#### [Task details]
Exactly and only the lines below from the one containing "定邊鹽湖群是陜西唯一的湖鹽產" down to the one containing "Intensidades en sitios" are wanted, both included; please exclude every picture.
Recorded information Block Start
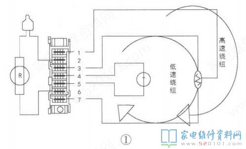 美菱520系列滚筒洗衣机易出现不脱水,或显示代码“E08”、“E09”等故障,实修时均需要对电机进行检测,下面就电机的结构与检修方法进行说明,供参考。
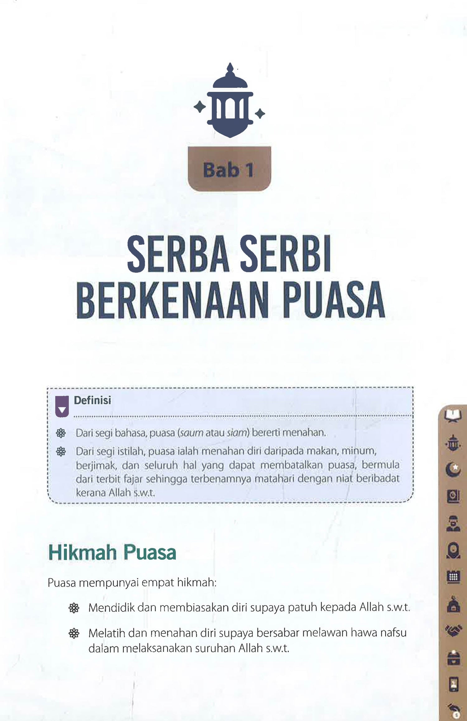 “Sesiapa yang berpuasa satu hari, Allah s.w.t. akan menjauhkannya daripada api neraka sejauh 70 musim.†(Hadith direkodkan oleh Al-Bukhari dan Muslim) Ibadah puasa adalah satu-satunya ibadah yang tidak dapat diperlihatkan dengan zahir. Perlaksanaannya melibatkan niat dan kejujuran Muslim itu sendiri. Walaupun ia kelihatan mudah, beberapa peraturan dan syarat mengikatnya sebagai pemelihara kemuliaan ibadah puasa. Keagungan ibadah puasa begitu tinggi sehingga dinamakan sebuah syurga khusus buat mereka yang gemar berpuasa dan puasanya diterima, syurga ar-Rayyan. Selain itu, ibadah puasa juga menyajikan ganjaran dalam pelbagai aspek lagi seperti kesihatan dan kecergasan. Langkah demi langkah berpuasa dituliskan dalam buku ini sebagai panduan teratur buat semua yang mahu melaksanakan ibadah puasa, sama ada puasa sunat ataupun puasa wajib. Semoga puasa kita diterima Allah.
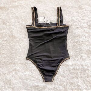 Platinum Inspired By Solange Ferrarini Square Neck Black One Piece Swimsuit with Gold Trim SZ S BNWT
Recorded information Block End
Recorded information Block Start
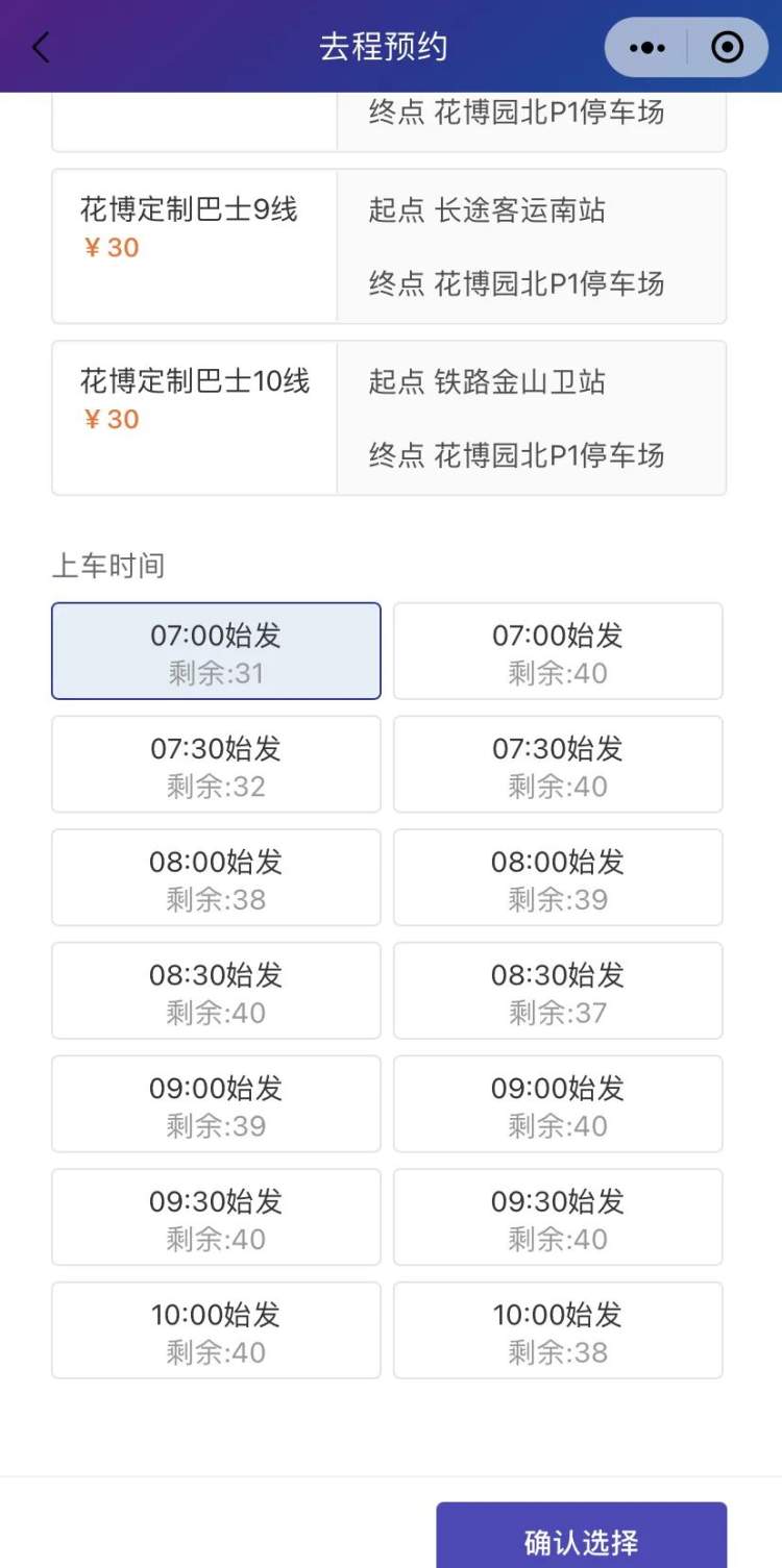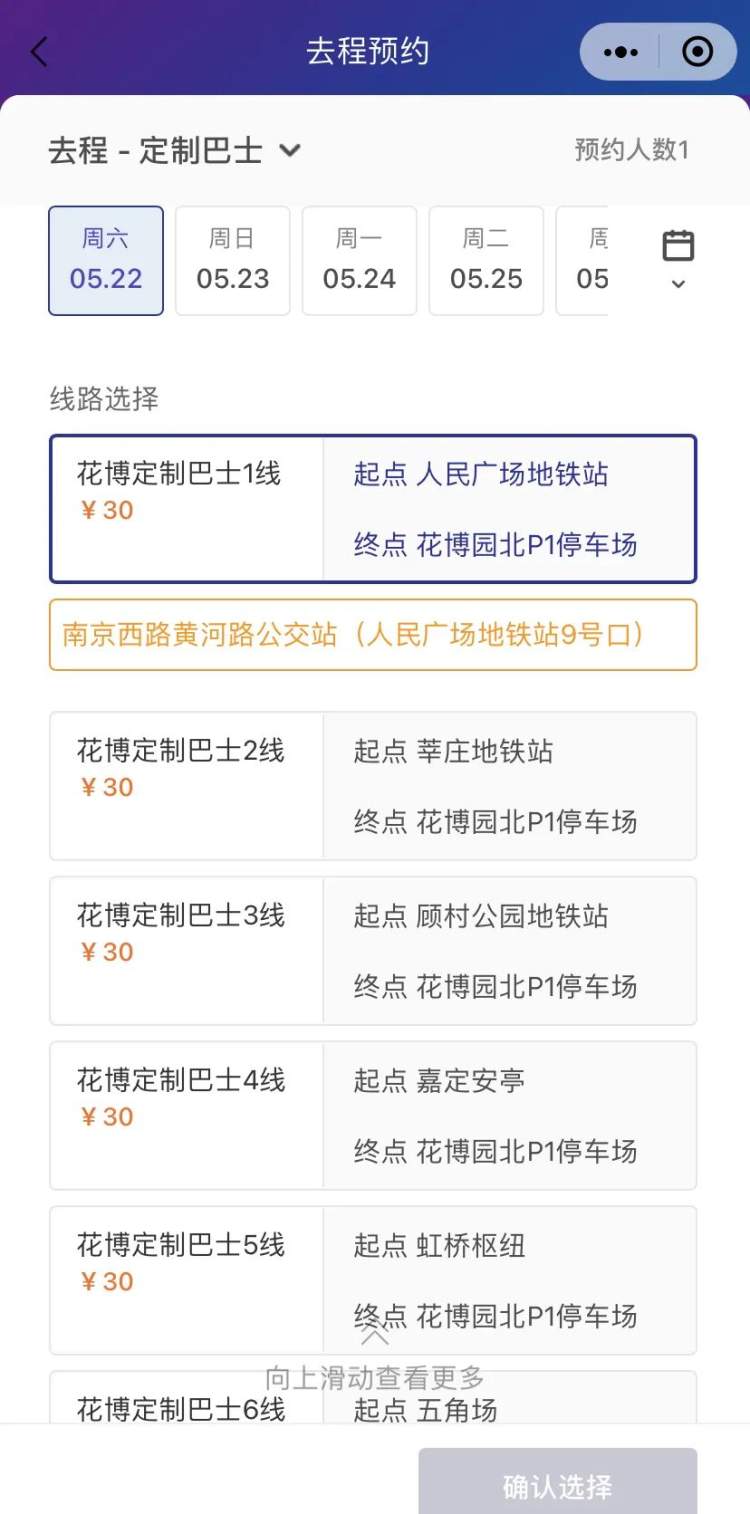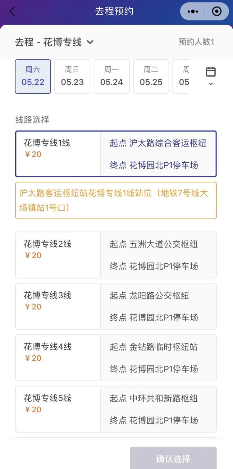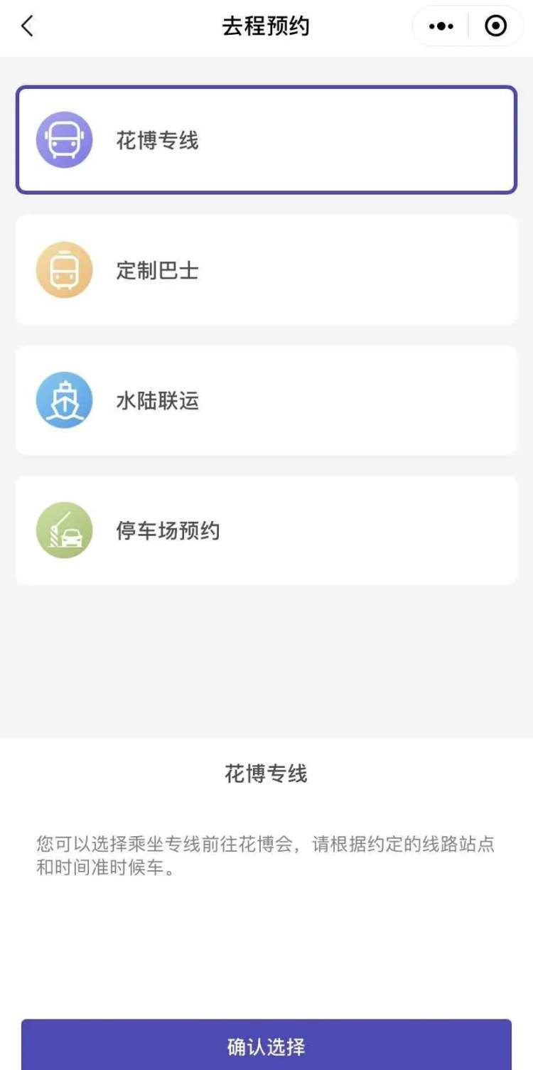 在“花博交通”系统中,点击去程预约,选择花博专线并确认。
Recorded information Block End
Recorded information Block Start
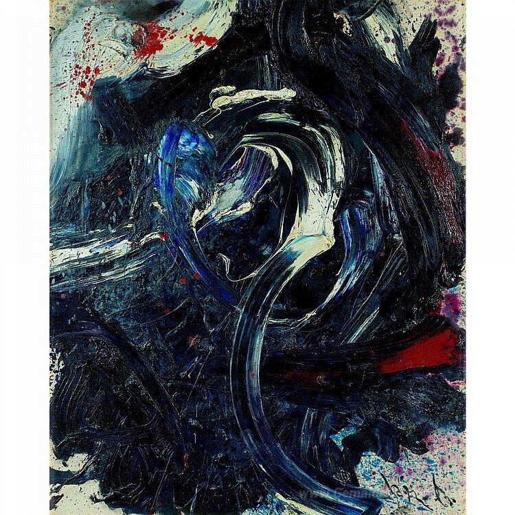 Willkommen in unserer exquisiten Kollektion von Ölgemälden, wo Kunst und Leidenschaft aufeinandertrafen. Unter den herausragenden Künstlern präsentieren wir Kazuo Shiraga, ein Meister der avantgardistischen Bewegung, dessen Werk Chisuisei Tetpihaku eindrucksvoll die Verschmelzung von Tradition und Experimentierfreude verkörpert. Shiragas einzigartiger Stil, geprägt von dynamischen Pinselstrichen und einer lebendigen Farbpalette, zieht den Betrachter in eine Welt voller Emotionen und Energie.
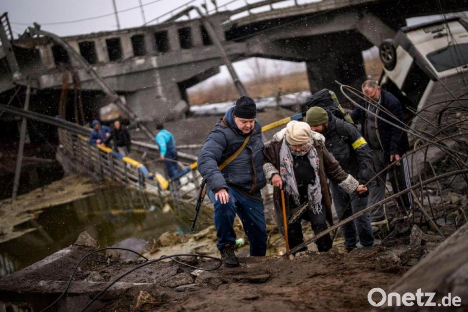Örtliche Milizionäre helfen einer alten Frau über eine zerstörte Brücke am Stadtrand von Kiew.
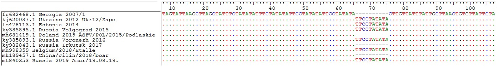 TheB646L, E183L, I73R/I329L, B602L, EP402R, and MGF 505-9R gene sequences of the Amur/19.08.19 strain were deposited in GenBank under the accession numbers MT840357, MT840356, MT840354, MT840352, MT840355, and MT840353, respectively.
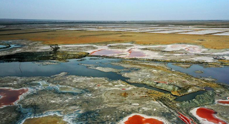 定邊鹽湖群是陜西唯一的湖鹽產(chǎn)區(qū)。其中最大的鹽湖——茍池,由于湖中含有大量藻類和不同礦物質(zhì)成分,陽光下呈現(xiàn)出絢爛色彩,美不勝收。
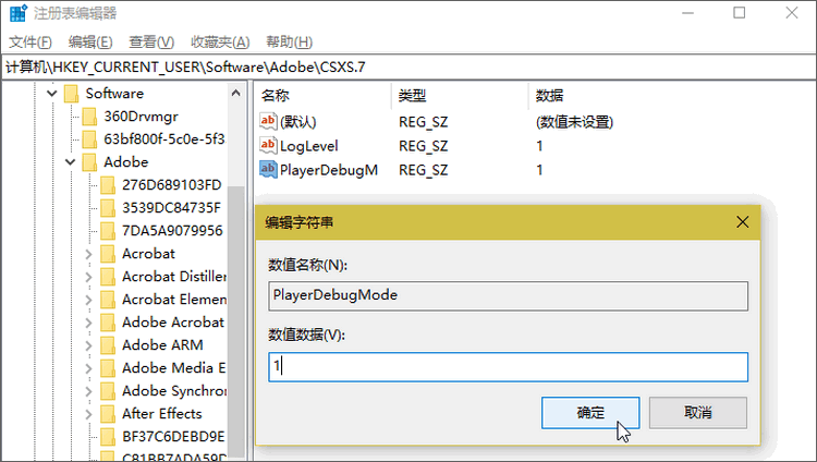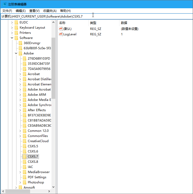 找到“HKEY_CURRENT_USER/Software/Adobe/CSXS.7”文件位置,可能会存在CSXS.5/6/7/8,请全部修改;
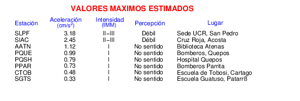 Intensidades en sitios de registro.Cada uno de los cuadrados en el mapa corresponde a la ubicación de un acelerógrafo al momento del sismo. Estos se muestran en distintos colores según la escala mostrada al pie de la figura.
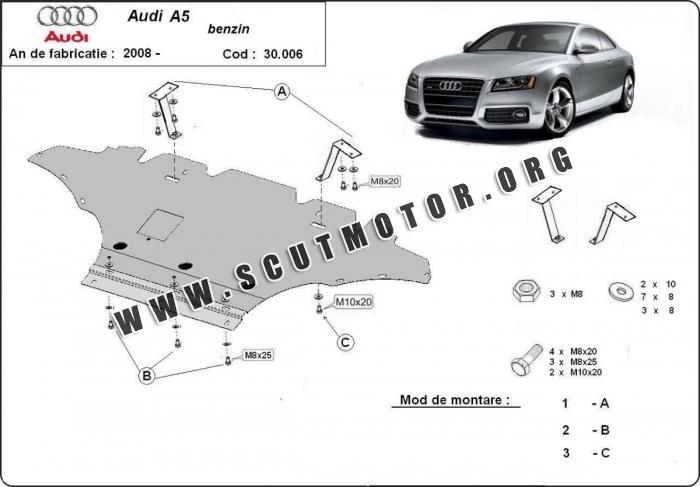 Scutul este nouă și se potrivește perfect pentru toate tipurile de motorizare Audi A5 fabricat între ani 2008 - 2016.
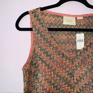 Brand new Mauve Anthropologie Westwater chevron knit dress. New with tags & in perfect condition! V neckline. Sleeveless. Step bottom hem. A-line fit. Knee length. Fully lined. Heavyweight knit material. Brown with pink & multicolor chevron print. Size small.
Recorded information Block End
#### [Result of the exercise]
 定邊鹽湖群是陜西唯一的湖鹽產(chǎn)區(qū)。其中最大的鹽湖——茍池,由于湖中含有大量藻類和不同礦物質(zhì)成分,陽光下呈現(xiàn)出絢爛色彩,美不勝收。
 找到“HKEY_CURRENT_USER/Software/Adobe/CSXS.7”文件位置,可能会存在CSXS.5/6/7/8,请全部修改;
 Intensidades en sitios de registro.Cada uno de los cuadrados en el mapa corresponde a la ubicación de un acelerógrafo al momento del sismo. Estos se muestran en distintos colores según la escala mostrada al pie de la figura.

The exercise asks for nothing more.